自身の成長のために優先的に取り組む項目はどれか?

(1)デジタル広告を極める
(2)論理的思考力、共感力、コミュニケーション力などを学ぶ
(3)4P(Product=商品・サービス、Price=価格、Place=店頭・接客、Promotion=広告・PR)の知識を身に付け、実践できる場を探す
(4)営業など異なる部門に配属してもらう

 いかがだろうか。筆者が優先すべきだと考える項目は「(3)4P(Product=商品・サービス、Price=価格、Place=店頭・接客、Promotion=広告・PR)の知識を身に付け、実践できる場を探す」だ。

 クイズのモデルケースとした人物の現在は「デジタル広告の運用」というマーケティング全体から見れば、狭い業務を担っていること、将来のビジョンとしてCMO着任を視野に入れていることを考えると、マーケティングの基礎である4Pを学ぶことが最優先だといえる。

 CMOという立場は商品開発から実際の流通まで、4Pのどこに、どの程度の投資をどのような順番で実施すべきかの判断を求められる。だから、4Pを俯瞰して理解できることが前提となる。その基礎となる知識を知っておくことが絶対条件だ。

 その他の選択肢も「キャリアアップ」という観点では誤りではない。もし、デジタル広告のスペシャリストを目指すのなら「(1)デジタル広告を極める」が有効だが、クイズの人物のCMOを目指すというビジョンとは異なる。「(4)営業など異なる部門に配属してもらう」という選択は、経営層を目指すうえで、社内のさまざまな部署との関係性構築に役立ちそうだ。ただ、マーケティング部で、まずは基礎知識となる4Pの習得と、実践の経験値を積んでからでも遅くはない。

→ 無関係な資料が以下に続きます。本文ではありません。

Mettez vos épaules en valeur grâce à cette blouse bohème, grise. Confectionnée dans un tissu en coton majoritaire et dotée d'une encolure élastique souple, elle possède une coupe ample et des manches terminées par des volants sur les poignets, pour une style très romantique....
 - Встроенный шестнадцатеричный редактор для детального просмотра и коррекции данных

 「(2)論理的思考力、共感力、コミュニケーション力などを学ぶ」は、リーダー職や管理職など、人をまとめる立場なら少なからず必要になるし、外部の取引先企業との連携にも大事な要素といえる。さまざまな部門と連携するCMOとしても必須能力だろう。4Pなどマーケティングの基礎知識の学習に取り組みながら、この能力を養うことを日々意識しながら仕事に当たるのが理想といえそうだ。

マーケティングとはもはや事業創造である

 筆者は今後マーケティングがより面白く、重要な仕事になっていくと考えている。ここからは、自分自身の経験を振り返りながら、その理由を解説したい。筆者の社会人人生は、最初のキャリアは大企業のシステムエンジニアから始まった。その後、アライドアーキテクツという、SNSを主軸としたデジタルマーケティング支援会社に転職したところからマーケティングとの関わりは始まった。同社で役員まで務めて株式公開を経験した。

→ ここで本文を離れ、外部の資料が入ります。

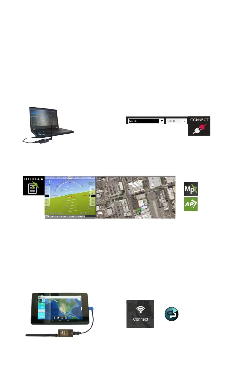 Ground station tablet with radio connected DroidPlanner: Connect icon
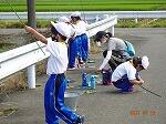 生活科の学習で、円城寺付近の用水路で夏の生き物ザリガニつりをしました。用水路の中にザリガニを発見して、つる前から大盛り上がりでした。釣り竿の先にさきいかをセットし、壁際を狙って糸を垂らし、じっと静かに待ちました。しばらくして釣り糸を引き上げると、ザリガニがさきいかをはさんでいました。全員つりあげることができました。
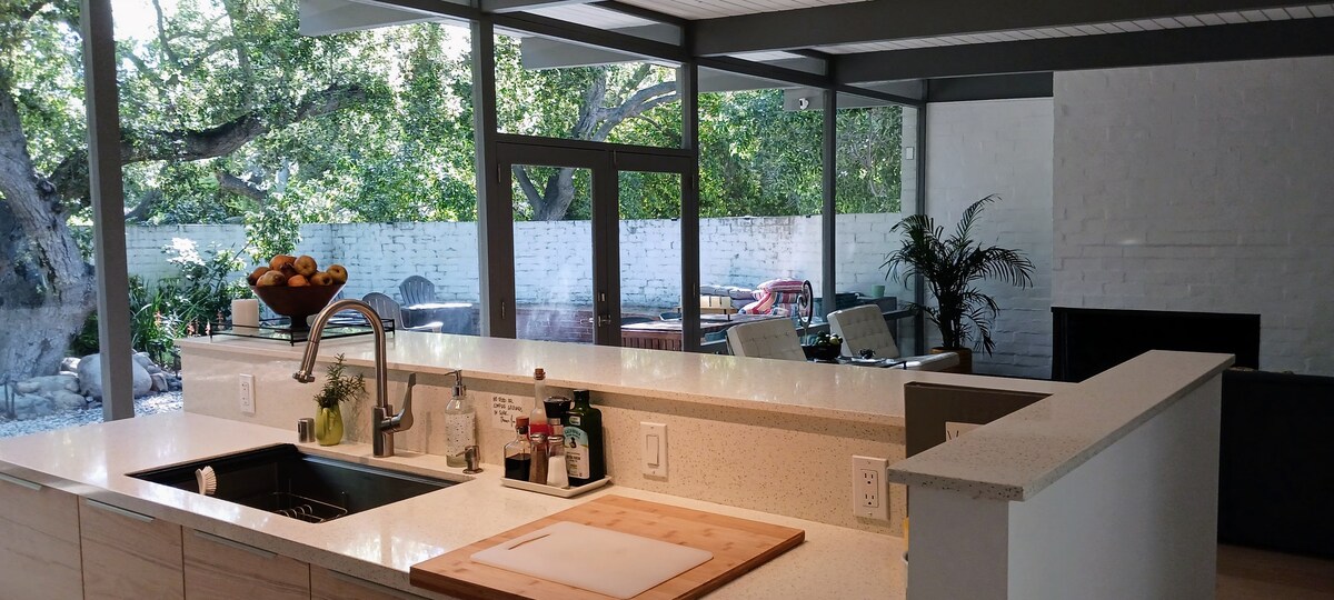 Rest and relax in our restored 1953 architectural gem with high ceilings and walls of glass opening to a private garden and patios under heritage oaks. Peaceful and serene, modern open kitchen, patio, birch floors and designer finishes. Relax under the oaks. Sleeps 4 Venture to nearby beaches from Ventura (20 min away) to Santa Barbara, discovery Old California in citrus and avocado groves of Heritage Valley and Ojai, explore historic Santa Paula. yet only aprx 1 hour from LA.

 その後、マーケティングコンサルティング会社のシンクロ(東京・渋谷)に参画。同社で、マーケティング学習アプリ「コラーニング」を立ち上げ、分社化する形で2020年にグロースXの前身企業が誕生し、同社の代表に就いた。

 現場のいち担当者から、少しずつ視野を広げて経営者になるまで、立場の変遷と共にマーケティングの守備範囲は拡大していった。それに伴い、マーケティングはさらに面白い仕事になっていると実感する。これからさらに楽しくなるはずだ。その点を強調しておきたい。この連載を読んでくださっている皆さんに、その楽しさをもっと開拓し、味わってもらいたいと思っている。

 マーケティングの守備範囲が広がっていることの背景には、デジタルの普及によって「ビジネスモデルそのものにマーケティングの要素が組み込まれるようになっている」という、大きな潮流がある。

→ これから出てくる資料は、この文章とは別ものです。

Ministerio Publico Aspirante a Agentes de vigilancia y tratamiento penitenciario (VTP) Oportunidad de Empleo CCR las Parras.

 モノを売って終わりのビジネスから、サブスクリプションのようなデジタルを駆使してサービスを継続してもらうビジネスへと大きな変化が起こった。流通小売りを介さず、ネットを通じて顧客に直接商品を販売するD2C(ダイレクト・トゥ・コンシューマー)モデルが台頭している。また、顧客を1つのIDで一意に把握し、密なコミュニケーションによるCRM(顧客関係管理)で、長期的な関係を構築することの重要性が増した。マーケターは商品・サービスの認知から購買を経て、優良化までの顧客体験全般を設計できる能力を求められるようにもなっている。

 事業モデルの変化によって、顧客はモノ単体ではなく、モノを通した「体験」に対価を支払うようになっている。そうしたモデルの設計には、マーケティング的な感覚が必要なのだ。もちろん、提供するモノ自体が優れていることが大前提となるが、ビジネスモデルの構想段階からマーケティング要素を織り込まなければ、もはや顧客を満足させる商品はつくれない。